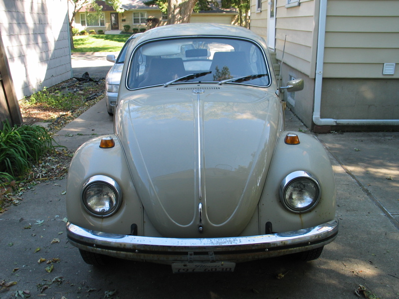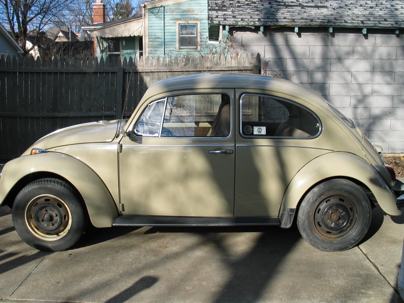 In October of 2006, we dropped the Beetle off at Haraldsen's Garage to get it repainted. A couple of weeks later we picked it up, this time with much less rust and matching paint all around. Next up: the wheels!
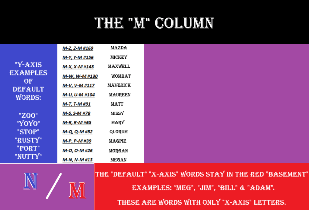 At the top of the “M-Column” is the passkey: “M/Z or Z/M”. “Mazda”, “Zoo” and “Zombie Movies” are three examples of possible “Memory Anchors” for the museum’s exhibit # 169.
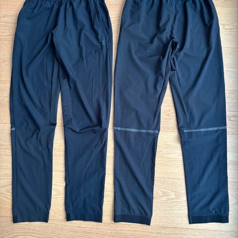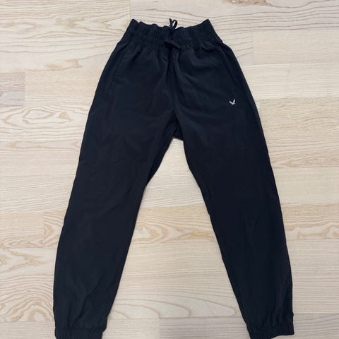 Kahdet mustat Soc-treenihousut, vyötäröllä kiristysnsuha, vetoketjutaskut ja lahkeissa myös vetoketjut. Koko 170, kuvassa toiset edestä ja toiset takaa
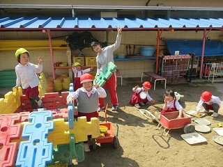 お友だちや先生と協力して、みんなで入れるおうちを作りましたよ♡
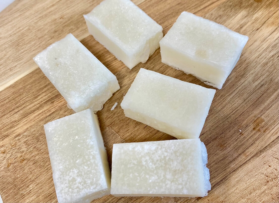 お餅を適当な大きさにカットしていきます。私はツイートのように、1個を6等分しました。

★ ★ ★ ★

**Problem description**
Leaving out the pictures, restate word for word the lines above from the one containing "Kahdet mustat Soc-treenihousut, vyötäröllä" through the end of the records, both ends included.

**Result**
 Kahdet mustat Soc-treenihousut, vyötäröllä kiristysnsuha, vetoketjutaskut ja lahkeissa myös vetoketjut. Koko 170, kuvassa toiset edestä ja toiset takaa
 お友だちや先生と協力して、みんなで入れるおうちを作りましたよ♡
 お餅を適当な大きさにカットしていきます。私はツイートのように、1個を6等分しました。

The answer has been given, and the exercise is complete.